— Вот, все вы женщины одинаковы, — цинически сказал Струве. — Только уступай им, давай им. Эгоистические особы. Что же вы нам со своей стороны ничего не предлагаете. Мужчины — торговцы, женщины — ростовщицы. Вы любопытны, поэтому и несчастны. Вы считаете, что я обязан помочь вам за одну вашу улыбку, и просите меня изменить обещанию и долгу чести ради вашего каприза. Что же, это по-женски, я готов отдать себя в ваши руки, но не даром. Мы будем торговаться с вами.
— Это вовсе не из любопытства, — с негодованием отрицала она. — Это мое право.
— Нет, вы просто слыхали праздные слухи и загорелись любопытством. Вы думаете, что я могу пролить новый свет или отбросить новую тень на всю вашу жизнь, а вы больше не доверяете своим близким. А что если я скажу вам, что у меня тут в сейфе лежат привезенные вами весною документы и что в них — правда о том, невиновен ли ваш дядя, или его следовало бы дать повесить толпе, приходившей к вам? Что тогда? Что дали бы вы, чтобы прочитать их? Ну, так знайте: документы у меня, и если вы настоящая женщина, то вы не успокоитесь, пока не увидите их. Хотите ли торговаться со мной?

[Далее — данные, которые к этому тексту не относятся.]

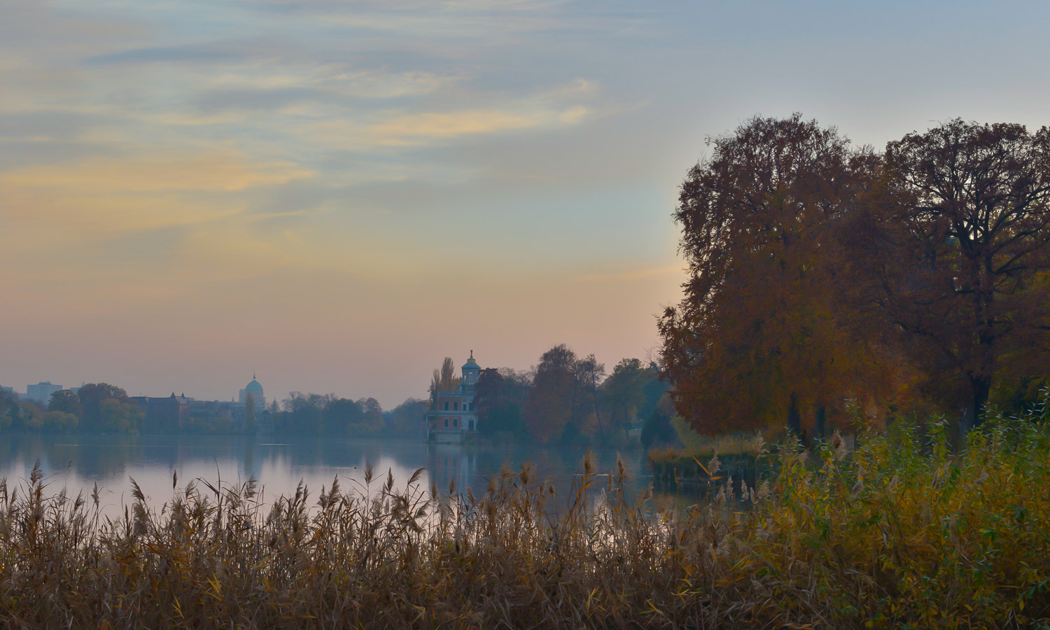 Blick über den Heiligen See auf das Rote Haus

— Да, да, дайте мне их! — воскликнула она.
При виде ее нетерпения кровь волной залила ему лицо, и он быстро встал с места и направился к ней, но она отступила к стене, бледнея, с широко раскрытыми глазами.
— Разве вы не понимаете, — бросила она ему, — что мне необходимо видеть их?
— Конечно, понимаю, но я хочу получить поцелуй для закрепления договора, в счет платежа.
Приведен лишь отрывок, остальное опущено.